| Collected material |
Segment Open
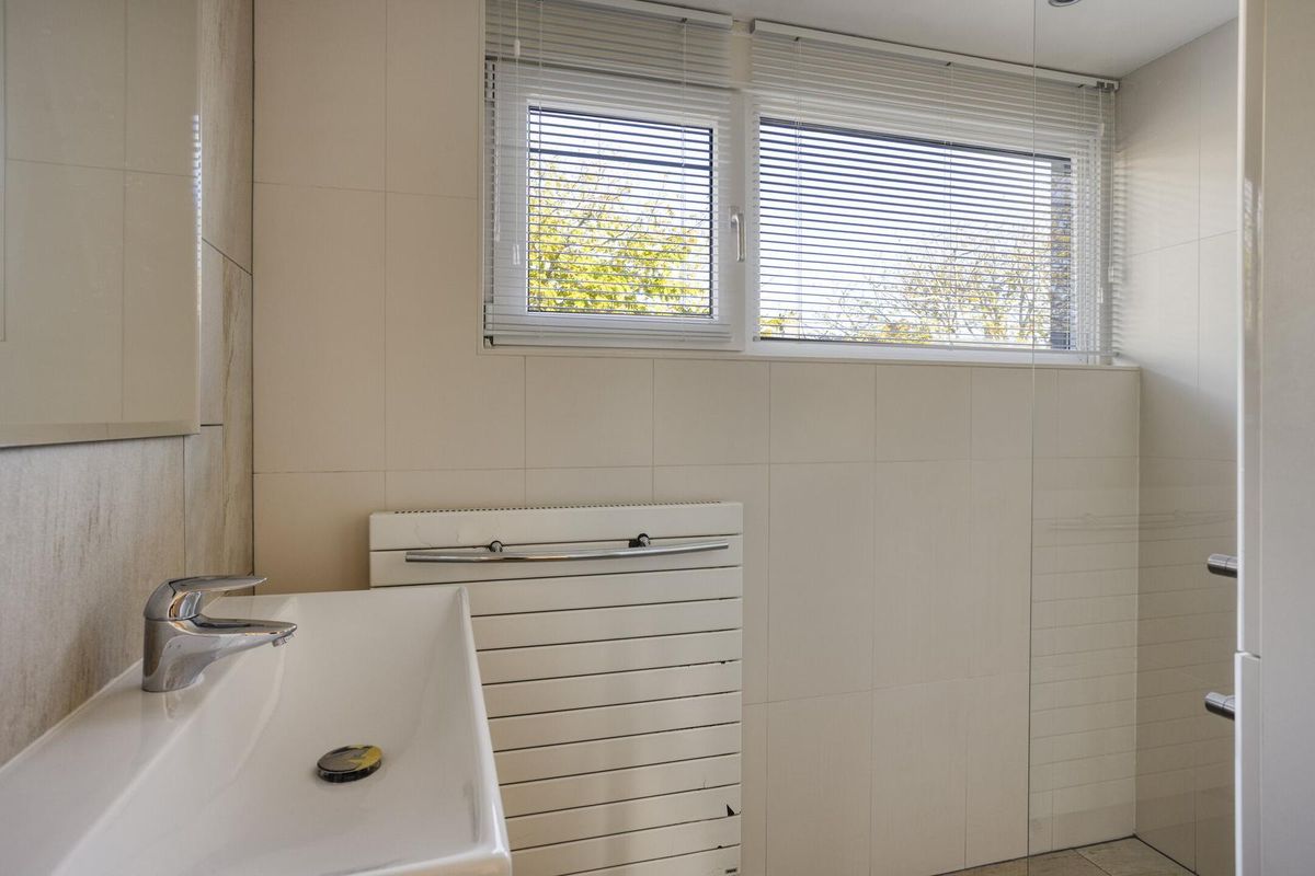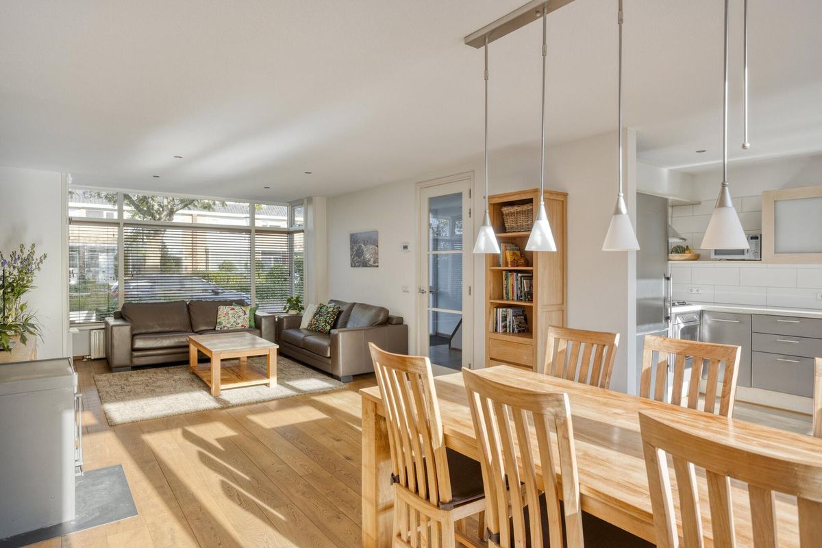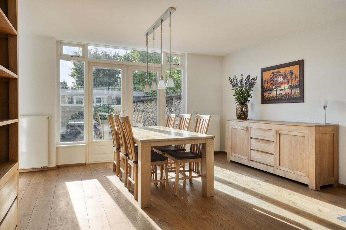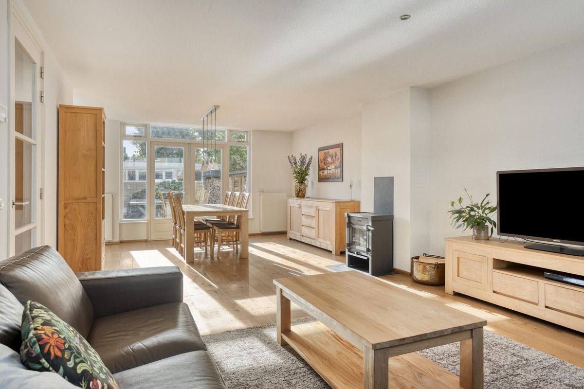 Via de entree komt u in de hal, waar zich de meterkast, een handige trap-/voorraadkast en het toilet met fontein bevinden. Vanuit de hal loopt u door naar de ruime woonkamer, die dankzij de erker heerlijk licht en uitnodigend aanvoelt. De open haard vormt hier een sfeervol middelpunt, perfect voor gezellige avonden. Grenzend aan de woonkamer vindt u de eetkamer, met openslaande deuren naar de tuin. Hierdoor lopen binnen en buiten op een natuurlijke manier in elkaar over. De open keuken is praktisch én gezellig ingedeeld en voorzien van een 4-pits gasfornuis met afzuigkap, een vaatwasser en veel opbergruimte. Ook vanuit de keuken heeft u directe toegang tot de tuin, ideaal voor een zomerse barbecue of een ontspannen ochtendkoffie in het zonnetje. De markiezen bieden hierbij niet alleen aangename schaduw op warme dagen, maar geven de woning ook extra charme en karakter. De gehele benedenverdieping is afgewerkt met een prachtige eikenhouten vloer, die warmte en luxe toevoegt, en is bovendien voorzien van stijlvolle spotjes, wat bijdraagt aan een moderne en sfeervolle uitstraling.
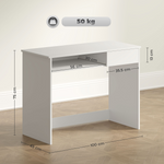 Efficiently save space with this computer desk from HOMCOM. Featuring a keyboard tray and a drawer, it saves a lot of desktop space. Constructed of particle board with white surface, it's easy to maintain and brings you the atmosphere of nature. Its contemporary look will blend beautifully into any style decor. It's a great choice for you to have this desk in your study, office, or bedroom to enrich your furniture while saving space!
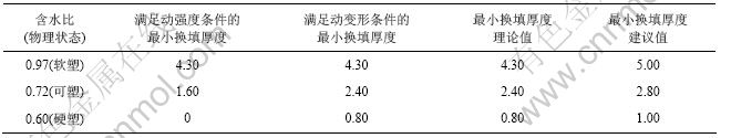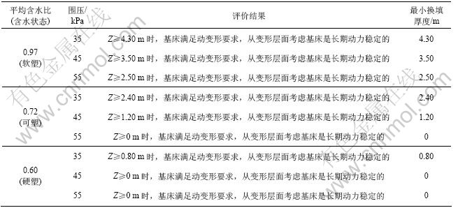 (3) 从动强度考虑,维持软塑红黏土基床长期动力稳定的最小基床换填厚度为4.30 m,可塑红黏土为
Segment Closed
| Instructions for the task |
All of the lines above should be copied exactly, apart from the pictures.

| Output below |
 Via de entree komt u in de hal, waar zich de meterkast, een handige trap-/voorraadkast en het toilet met fontein bevinden. Vanuit de hal loopt u door naar de ruime woonkamer, die dankzij de erker heerlijk licht en uitnodigend aanvoelt. De open haard vormt hier een sfeervol middelpunt, perfect voor gezellige avonden. Grenzend aan de woonkamer vindt u de eetkamer, met openslaande deuren naar de tuin. Hierdoor lopen binnen en buiten op een natuurlijke manier in elkaar over. De open keuken is praktisch én gezellig ingedeeld en voorzien van een 4-pits gasfornuis met afzuigkap, een vaatwasser en veel opbergruimte. Ook vanuit de keuken heeft u directe toegang tot de tuin, ideaal voor een zomerse barbecue of een ontspannen ochtendkoffie in het zonnetje. De markiezen bieden hierbij niet alleen aangename schaduw op warme dagen, maar geven de woning ook extra charme en karakter. De gehele benedenverdieping is afgewerkt met een prachtige eikenhouten vloer, die warmte en luxe toevoegt, en is bovendien voorzien van stijlvolle spotjes, wat bijdraagt aan een moderne en sfeervolle uitstraling.
 Efficiently save space with this computer desk from HOMCOM. Featuring a keyboard tray and a drawer, it saves a lot of desktop space. Constructed of particle board with white surface, it's easy to maintain and brings you the atmosphere of nature. Its contemporary look will blend beautifully into any style decor. It's a great choice for you to have this desk in your study, office, or bedroom to enrich your furniture while saving space!
 (3) 从动强度考虑,维持软塑红黏土基床长期动力稳定的最小基床换填厚度为4.30 m,可塑红黏土为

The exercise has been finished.